═══ Information supplied ═══

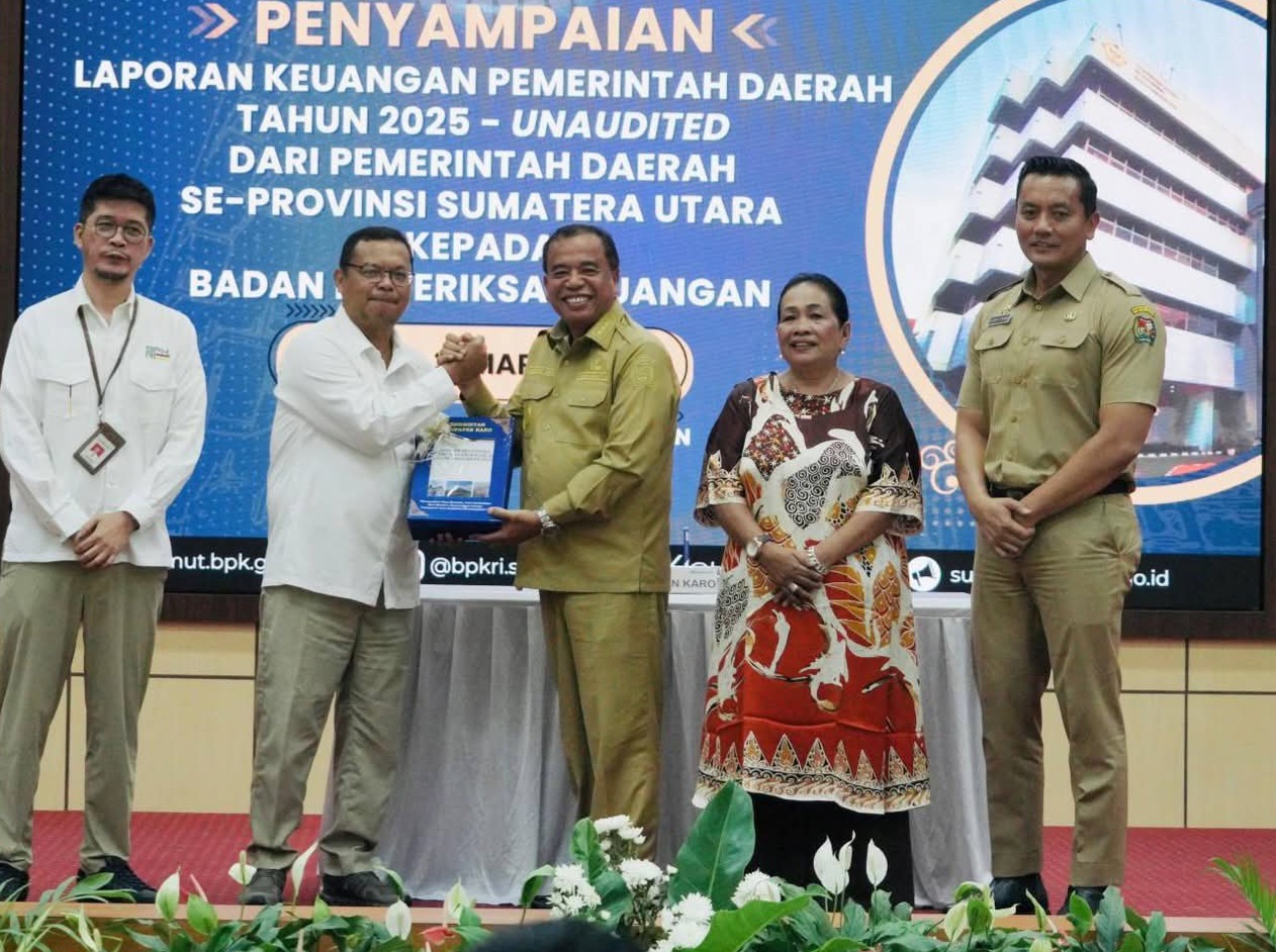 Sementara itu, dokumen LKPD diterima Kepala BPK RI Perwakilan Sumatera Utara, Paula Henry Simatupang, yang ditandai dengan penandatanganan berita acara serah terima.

═══
═══ Information supplied ═══

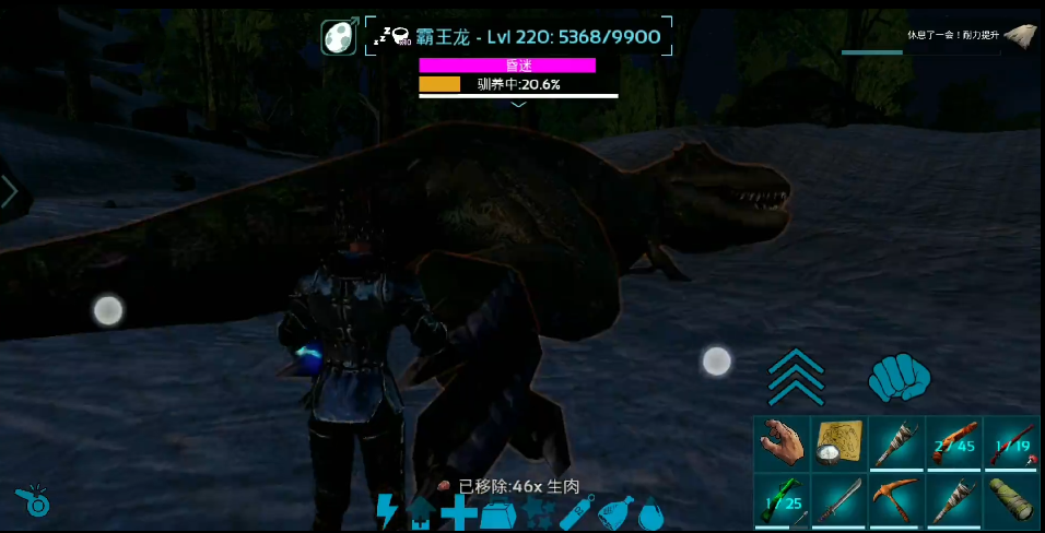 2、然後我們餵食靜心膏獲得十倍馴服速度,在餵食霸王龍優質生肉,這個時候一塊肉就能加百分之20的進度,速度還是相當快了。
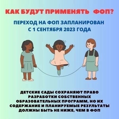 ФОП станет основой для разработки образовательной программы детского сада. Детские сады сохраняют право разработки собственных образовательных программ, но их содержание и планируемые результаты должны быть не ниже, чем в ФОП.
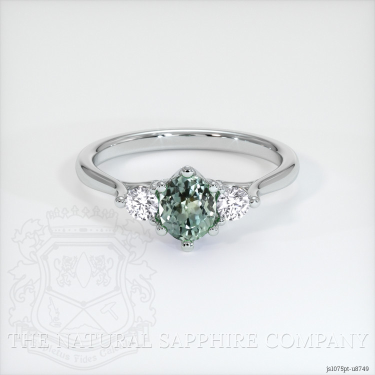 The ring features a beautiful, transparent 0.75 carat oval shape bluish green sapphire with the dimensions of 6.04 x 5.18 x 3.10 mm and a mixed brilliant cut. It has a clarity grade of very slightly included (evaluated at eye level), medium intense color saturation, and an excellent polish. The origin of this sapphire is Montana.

═══
═══ Information supplied ═══

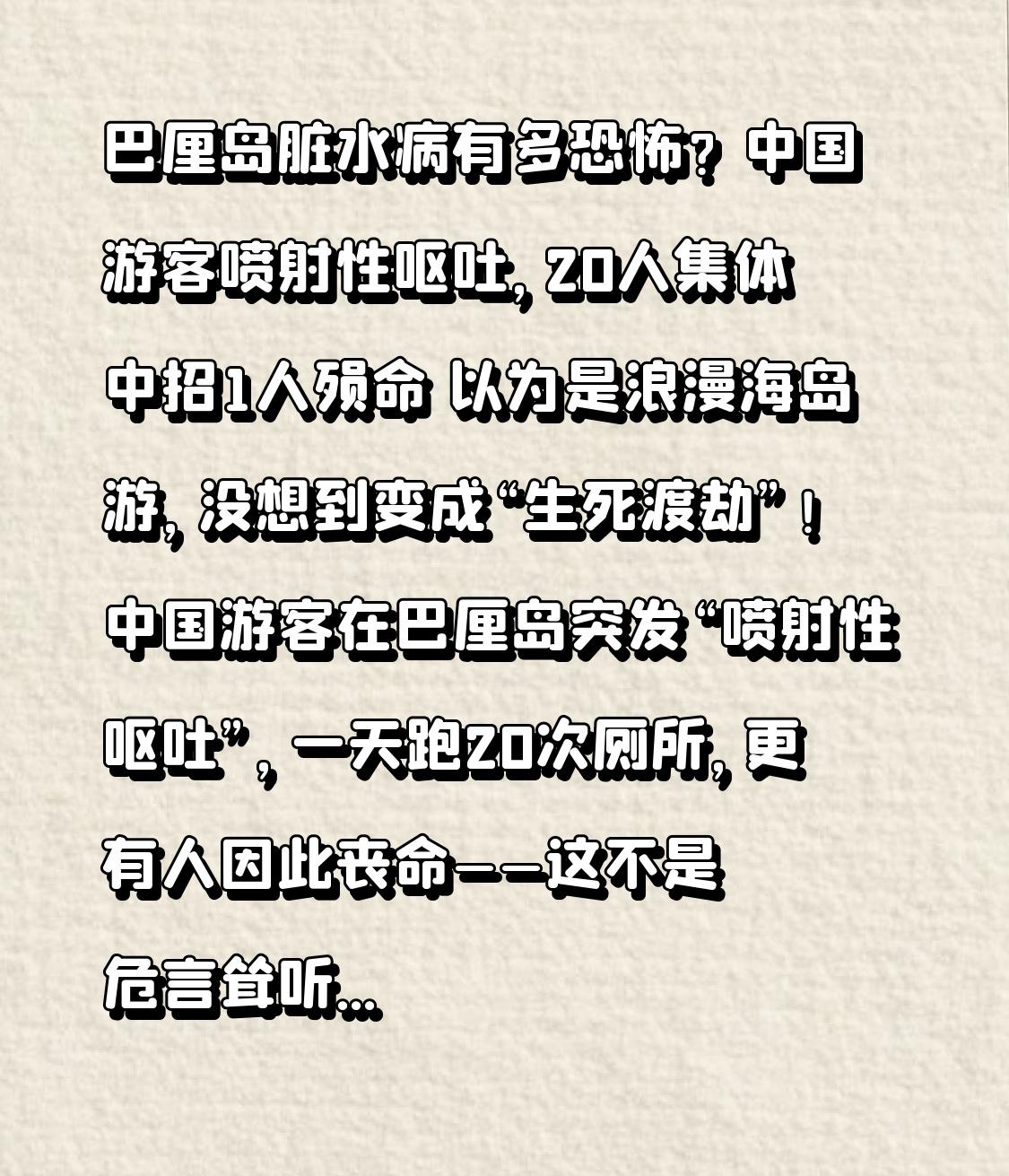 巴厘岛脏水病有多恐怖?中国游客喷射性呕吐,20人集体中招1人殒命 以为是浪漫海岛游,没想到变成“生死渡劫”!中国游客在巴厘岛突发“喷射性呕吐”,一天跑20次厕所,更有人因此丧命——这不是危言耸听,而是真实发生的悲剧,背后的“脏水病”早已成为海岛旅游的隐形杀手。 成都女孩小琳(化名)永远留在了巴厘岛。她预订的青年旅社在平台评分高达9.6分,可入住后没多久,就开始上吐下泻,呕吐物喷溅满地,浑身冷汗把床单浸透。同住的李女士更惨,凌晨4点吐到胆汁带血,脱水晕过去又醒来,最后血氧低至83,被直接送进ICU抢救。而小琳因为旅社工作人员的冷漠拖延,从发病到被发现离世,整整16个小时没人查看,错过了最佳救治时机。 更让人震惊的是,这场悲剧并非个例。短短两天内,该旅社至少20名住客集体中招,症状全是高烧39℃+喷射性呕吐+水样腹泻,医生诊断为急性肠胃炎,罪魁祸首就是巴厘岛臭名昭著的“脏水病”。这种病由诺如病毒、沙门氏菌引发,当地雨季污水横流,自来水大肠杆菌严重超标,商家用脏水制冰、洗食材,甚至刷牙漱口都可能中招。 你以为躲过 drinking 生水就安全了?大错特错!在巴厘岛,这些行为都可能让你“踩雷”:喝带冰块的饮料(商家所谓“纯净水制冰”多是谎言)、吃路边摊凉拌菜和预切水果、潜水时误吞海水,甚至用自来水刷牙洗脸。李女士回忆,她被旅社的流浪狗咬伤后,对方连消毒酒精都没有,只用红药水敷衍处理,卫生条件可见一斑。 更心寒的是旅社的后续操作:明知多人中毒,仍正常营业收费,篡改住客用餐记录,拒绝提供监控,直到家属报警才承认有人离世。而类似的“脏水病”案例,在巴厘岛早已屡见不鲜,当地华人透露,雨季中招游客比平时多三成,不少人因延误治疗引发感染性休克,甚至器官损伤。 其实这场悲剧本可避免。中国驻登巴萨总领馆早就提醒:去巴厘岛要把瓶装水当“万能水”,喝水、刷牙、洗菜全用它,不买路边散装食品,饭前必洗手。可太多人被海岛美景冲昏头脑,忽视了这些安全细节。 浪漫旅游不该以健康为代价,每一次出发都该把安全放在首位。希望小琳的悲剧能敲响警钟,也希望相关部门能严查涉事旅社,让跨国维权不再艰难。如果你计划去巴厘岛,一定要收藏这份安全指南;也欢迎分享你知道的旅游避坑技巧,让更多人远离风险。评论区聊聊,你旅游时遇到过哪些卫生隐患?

═══

Going back to the data above, write out everything from the line with "ФОП станет основой" down to the line with "The ring features", both included, leaving every picture out.

Exercise output:
 ФОП станет основой для разработки образовательной программы детского сада. Детские сады сохраняют право разработки собственных образовательных программ, но их содержание и планируемые результаты должны быть не ниже, чем в ФОП.
 The ring features a beautiful, transparent 0.75 carat oval shape bluish green sapphire with the dimensions of 6.04 x 5.18 x 3.10 mm and a mixed brilliant cut. It has a clarity grade of very slightly included (evaluated at eye level), medium intense color saturation, and an excellent polish. The origin of this sapphire is Montana.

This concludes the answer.